Film review by: Witney Seibold
This film, the latest in Disney’s increasingly withering animated stock, and directed by Steve “Spaz” Williams, is worth seeing for the following reasons: Eddie Izzard plays a snarky koala. Most of his dialogue was improvised, so those familiar with the Britsish transvestite’s comedy will roll around at the sound of Eddie uttering phrases like “party hats of death.” It’s hard to explain why to the uninitiated. Kiefer Sutherland plays a lion, and gets to say things like “No parkin’ on the dancefloor!” and “I’m the lion of the sea!” It’s nice, after all that 24 I’ve been watching, to see Kiefer play a role that is silly and broad. Both James Belushi and Patrick Warburton appear, and they are both very, very good at voice acting (incidentally, they both appeared in the recent Hoodwinked, and were both very good in that). William Shatner (!) appears as an evil gnu, and, amazingly, plays the role straight. Go Shatner! The Wild is still broad and typical, and does indeed fit into the quotidian Disney mold (single parent, child in danger, talking animals, classic structure, blah, blah, blah), but it is far, far better than the similar Madagascar from last year.

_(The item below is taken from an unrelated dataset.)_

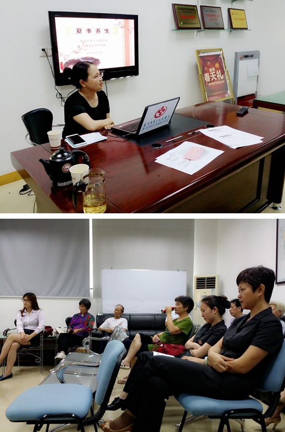 夏季是陽(yáng)氣最盛的季節(jié),氣候炎熱而生機(jī)旺盛,很多老街坊都有一套自己的夏季養(yǎng)生之道。為了更好地度過(guò)炎炎夏日,應(yīng)廣發(fā)銀行南壇支行中老年客戶提議,廣發(fā)銀行特邀我院專家為大家分享一堂夏季養(yǎng)生保健課,由門診中醫(yī)組劉敏副主任中醫(yī)師主講。

The Wild is the latest in what has become a full blown sub-genre of film: the computer-animated semi-anthropomorphized talking-animal film. Madagascar, Over the Hedge, Open Season, The Barnyard, Valiant, Ice Age 1 & 2, Shark Tale, Finding Nemo… Do we need all these movies? Would any of them have made it to the big screen if they were traditionally cell-animated a decade ago, or are they just receiving the green light because we want to try out our new hair-and-muscle-movement CGI programs that we spent so much on? The Wild is a fun film, but, like most in the genre, a trifle.
The resemblances of this film to the horrible Madagascar are a little too uncanny to have anyone suspect that one was not ripped off from the other: both involve lions and giraffes escaping from a New York zoo and traveling to Africa to rediscover their “wild” roots. The Wild is a bit more plausible, though, and the animals have a better design and are better animated. The jokes work better… the film is just better.
Another word about computer animation. Bully to those of you who wrote those CGI programs for realistic muscles and hair. But putting realistic muscles and hair on a broadly-designed cartoon character results in an uncanny creepiness.